Note F.
James Dodson
There are no rights held so sacred among men, as the rights of conscience. They are deservedly so held. Conscience has its rights, and they are, indeed, sacred rights. They ought however, to be understood, lest we attach something to conscience as a right, which deserves a very different name. The best things are most liable to be abused. The excess of liberty is licentiousness.
The rights of conscience, as well as all other human rights, are derived from God, and are bounded by the law accompanying their delegation. The law of God embraces the whole man, and all his rights, and all his relations. This is not always attended to, in considering this subject.
God alone is Lord of the conscience, and hath left it free from the doctrines and commandments of men, as originating in their judgment, or in their authority.
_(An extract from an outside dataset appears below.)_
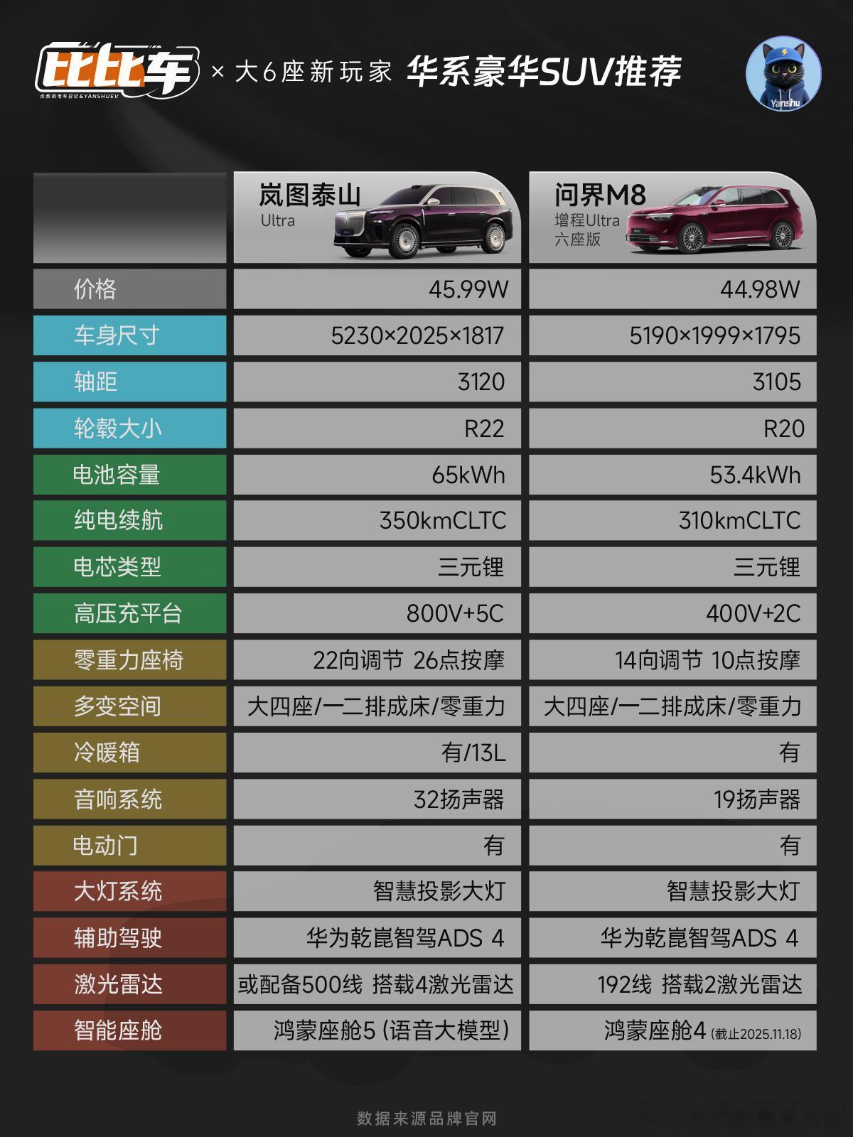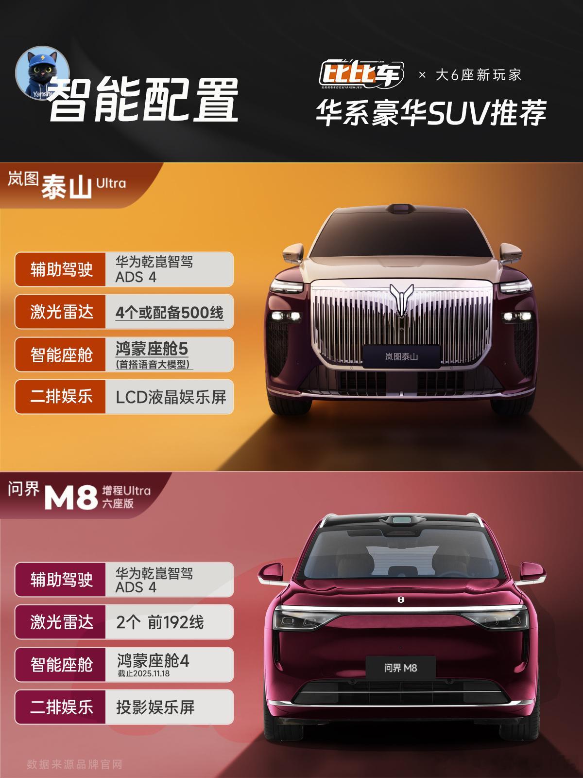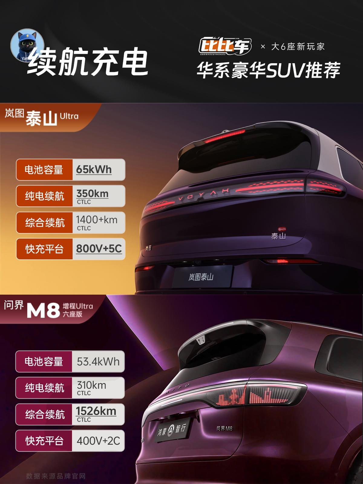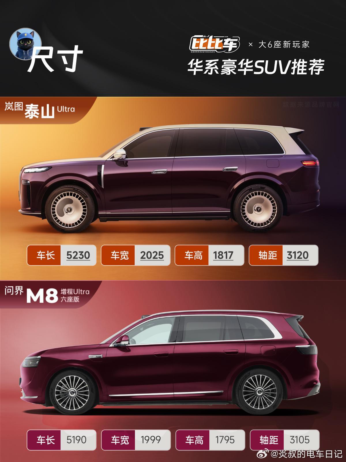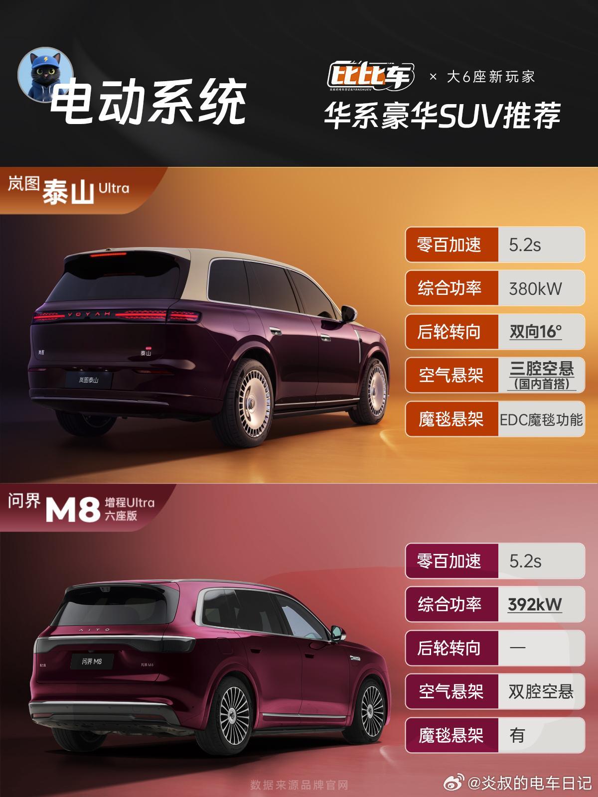 又掀桌了啊?华系大6座SUV变天岚图泰山发布后,很多朋友拿它和问界M8 增程Ultra六座版对比。这确实是同级很有代表的两个选项。今天从3个核心维度,帮大家做个客观梳理。🤗1️⃣续航和平台岚图泰山搭载岚海智能超混技术和800V+5C超充。标配65度大电池,CLTC纯电续航350km,综合续航超1400+。纯电续航基本做到市区周充,5C超充含金量很高,大大缩短补能用时。问界M8 增程ultra是增程式,53.4kWh电池,CLTC纯电续航310km,综合续航1526km。纯电续航也基本够用,400V架构充电稍慢,综合长途出行用油也没有里程焦虑。2️⃣底盘配置岚图泰山搭载三腔空气悬架,配合EDC魔毯功能。这在国内头一回见。实际表现值得期待。配备双向16°后轮转向,转弯半径仅5.4米。泰山在窄路掉头和进出小车位时相当灵活。问界M8搭载双腔空气悬架。配备的道路预瞄系统,提前感知和调整悬架,悬架高低和软硬解耦。既保证过颠簸路面时的舒适性;高速行驶时,保证操控和车身的稳定性。3️⃣座舱体验岚图泰山搭载鸿蒙座舱 5(首搭语音大模型)。亮点是AI云舒座椅,内置66颗传感器,自适应调节,带26点按摩。炎叔体验过很多座椅按摩车型,大都隔靴搔痒。泰山确实有让我秒睡的实力。配合13L智能冷暖箱和32个扬声器的影音体验,老板们通勤出行照顾到位了。问界M8搭载鸿蒙座舱4,车机大屏交互非常流畅。前排和二排标配通风、加热、按摩。配备车载冷暖箱、后排投影屏和19个HUAWEI SOUND扬声器。M8的后排也支持多种一键切换模式,4/5座模式特别适合大量行李的装载需求。 第三排坐姿观看投影屏也很舒服总的来看,两台车都是六座华系SUV里的实力派。岚图泰山配置诚意十足,鸿蒙座舱和华为乾崑智驾ADS 4基础上,800V平台、三腔空悬、后轮转向及AI云舒座椅配置拉满了。问界M8增程Ultra六座版表现均衡,气场沉稳,鸿蒙座舱和辅助驾驶能力也在国内一梯队,整车竞争力得到市场验证。欢迎在评论区聊聊你的看法我是只讲干货的炎叔。带你秒懂电车😉
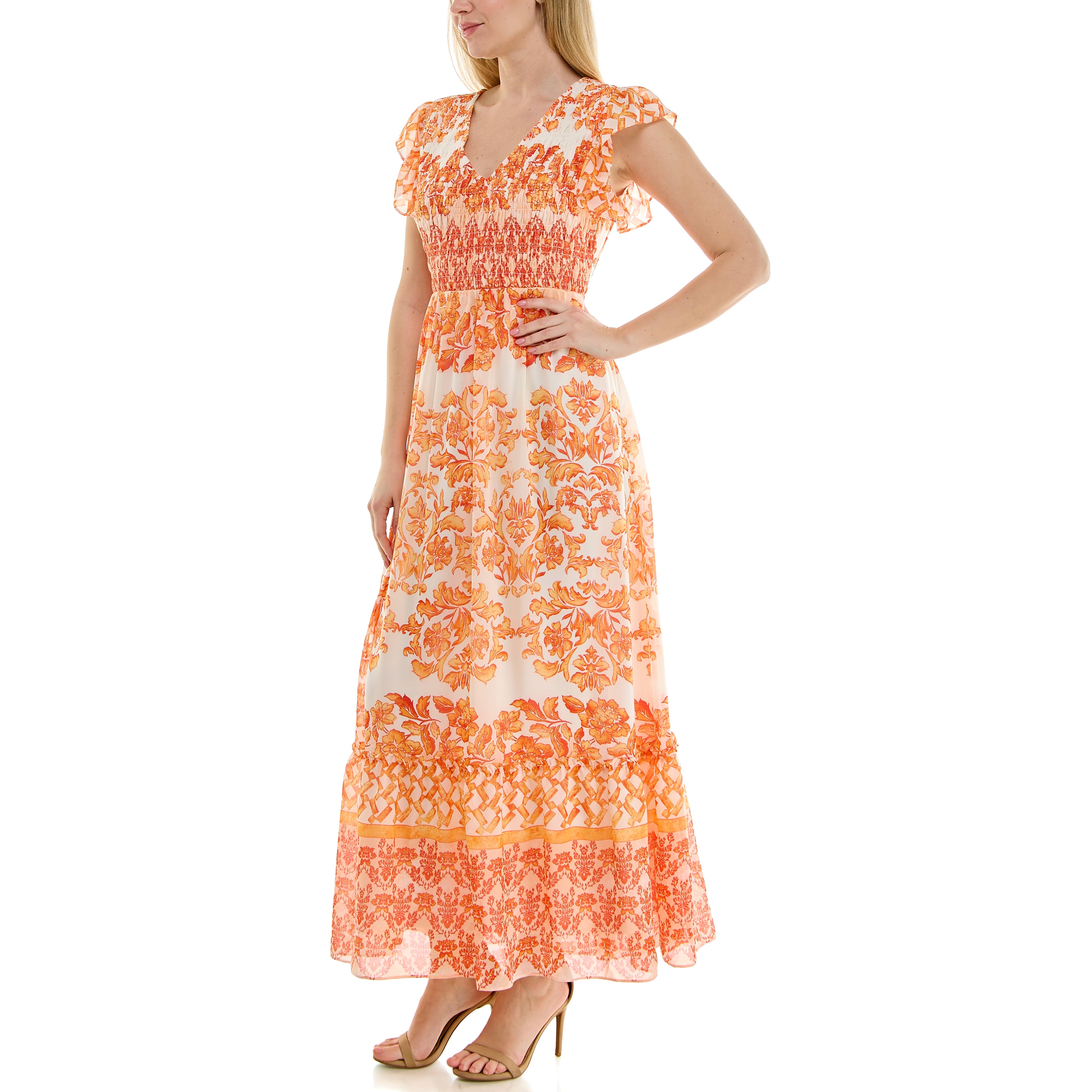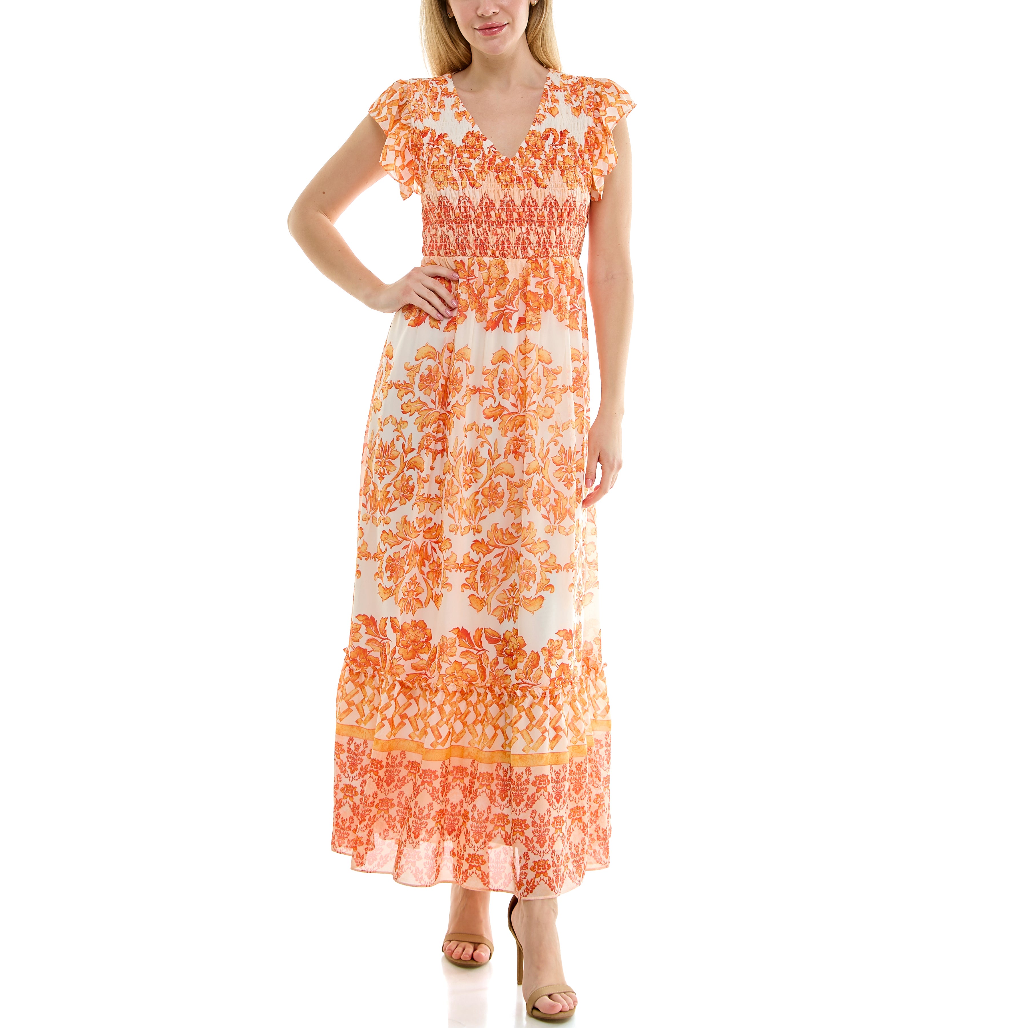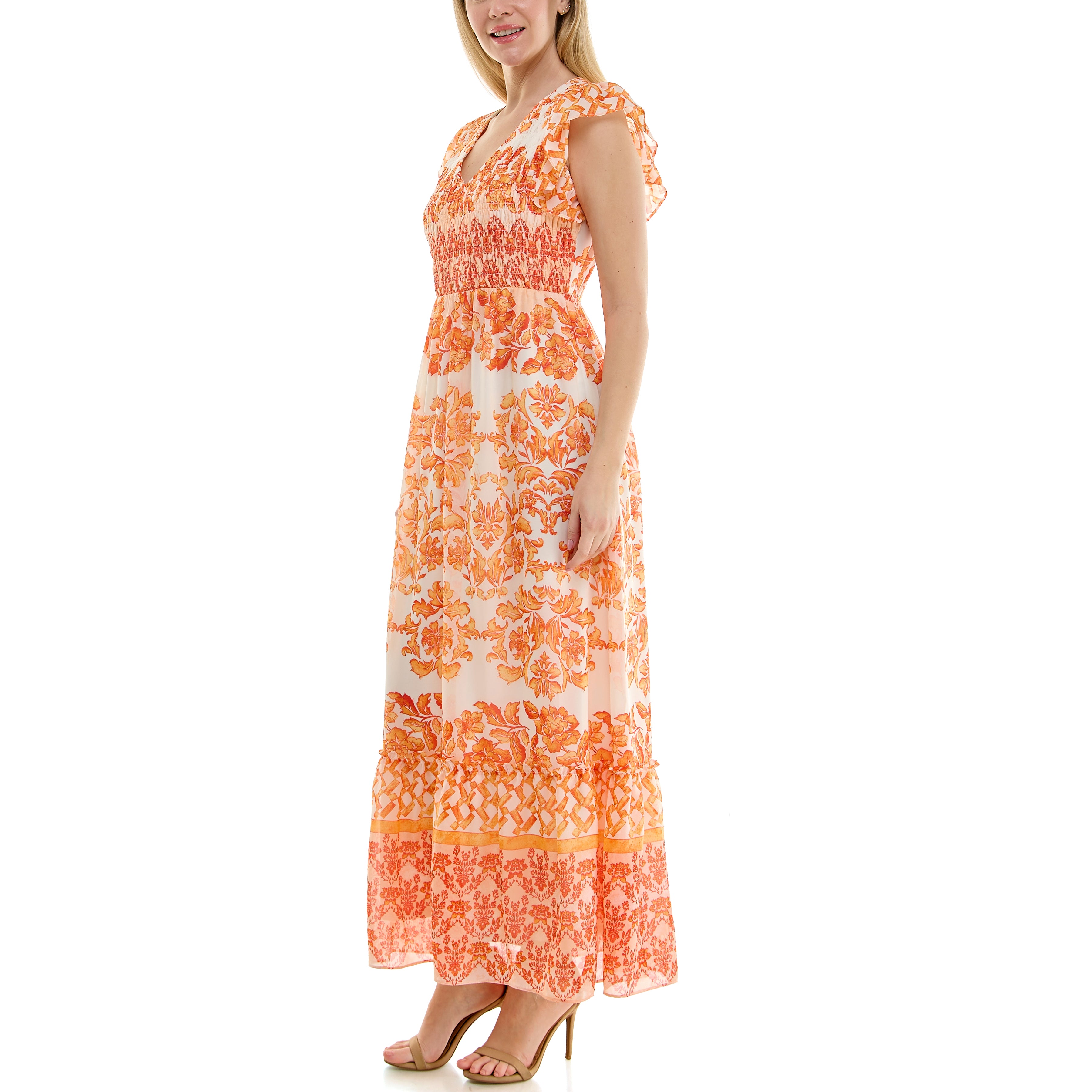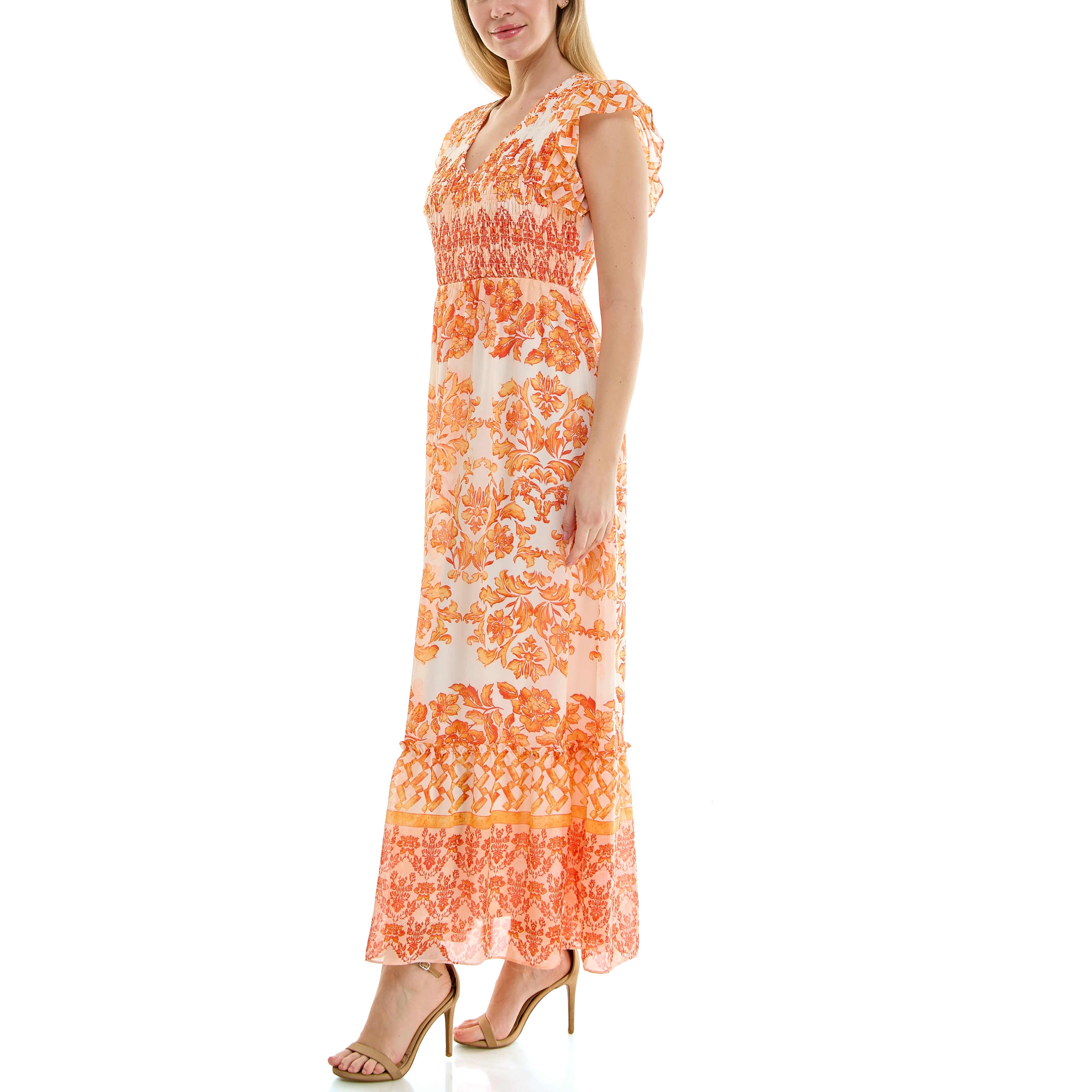MAISON TARA SLEEVELESS SMOCKED WAIST TROPICAL FLORAL PRINT CURVE MAXI DRESS

To believe such doctrines, or obey such commands, as the rule to regulate the conscience, is to betray the true freedom of the conscience; and to require this to be done, is to require implicit faith and blind obedience, and is the destruction of liberty of conscience.
It, however, ought never to be forgotten, that God himself is the rightful Lord of the conscience, and constantly holds it subject to his law. Conscience never was by its author intended to be itself a law; but as the vicegerent of heaven, it is appointed as a judge to decide according to the law furnished by the legislator of the universe, for that purpose. This law, and not conscience, is the rule both of belief and action. There can, therefore, be no right of conscience inconsistent with the divine law—no right but what is derived from it. Modern claims for the rights of conscience, are not kept within the bounds of sober reason. In their eagerness to discard the unjust claim of one man to lord over the conscience of another, some have assumed a ground which gives conscience a negative over the divine law itself. I, with great satisfaction quote here, the words of an eminent scholar and divine, the Rev. Dr. [Samuel B.] Wylie, of Philadelphia. They fully express my sentiments on this subject.
“All power to be found among the creatures, is, necessarily, derived from God. He is the original source and fountain from which it flows, For in him we live, and move, and have our being.[Acts 17:28.] All this delegated or derived power, should be exercised to his glory, and regulated by his law, Whether, therefore, ye eat, or drink, or whatsoever ye do, do all to the glory of God.[1 Cor. 10:31.] To effect this end, all our powers should be directed; and of this, his law is the unerring rule. By this, therefore, all rational beings are indispensibly bound. God has given them no right to do what it prohibits. To suppose men to possess any such right, is wicked and blasphemous. This would be the same as to suppose God to say to them, I, as the Supreme Legislator, give you my law. To the least breach of it, I annex the penalty of eternal damnation; yet I give you a right to violate this my law, and to wage war with your God, and direct your artillery, against the Sovereign of the Universe!” From this the Dr. justly argues, “that no man has a right to worship God any other way, than he himself hath prescribed in his law—that it is criminal for a man’s conscience to approve any way repugnant to this sacred rule—and that this crime cannot legitimate another, or make an action right, which God expressly condemns, under pain of eternal wrath.”
“If conscience can legitimate,” continues this accurate reasoner, “what God’s law condemns, it must be paramount to the divine law, and, consequently to the Legislator also, in having a negative over the requisitions of both the one and the other.
Were this the case, it would not only free from criminality, but would render virtuous, laudable, and praise-worthy, the most damnable errors—the most horrid blasphemies, and detestable abominations; if but dictated by the consciences of Pagans, Mahometans, &c. Then the Egyptians worshipping God under the form of a snake or crocodile, would be as lawful, yea, as commendable, as doing it precisely according to the manner which he has prescribed in his word, provided that, in both cases, conscience said amen!
But, supposing for a moment, that men had such a right, let us enquire how they came by it? Either they must have it by derivation from God, or they must hold it independently of him. It cannot be by derivation from God: it would be absurd in the nature of it, and incompatible with the essential holiness of his character.
To suppose God giving to his moral subjects a law, to the breach of which he annexes eternal punishment, and at the same time, giving them a right to break it, is inconsistent and impossible. Right would be opposed to right—a right to obey, and a right not to obey!—A man may be persuaded in his conscience, that a false way of worshipping God is the most proper way”—According to the modern claims for unlimited rights of conscience, “he has a right to worship this false way! But worshipping in a false way offends God. No matter, he has a right (of conscience) to offend God; for if worshipping falsely, and offending God, are equivalent; seeing he has a right to do the one, he has a right to do the other!!!” [Two Sons of Oil, p. 7, 41, 42.]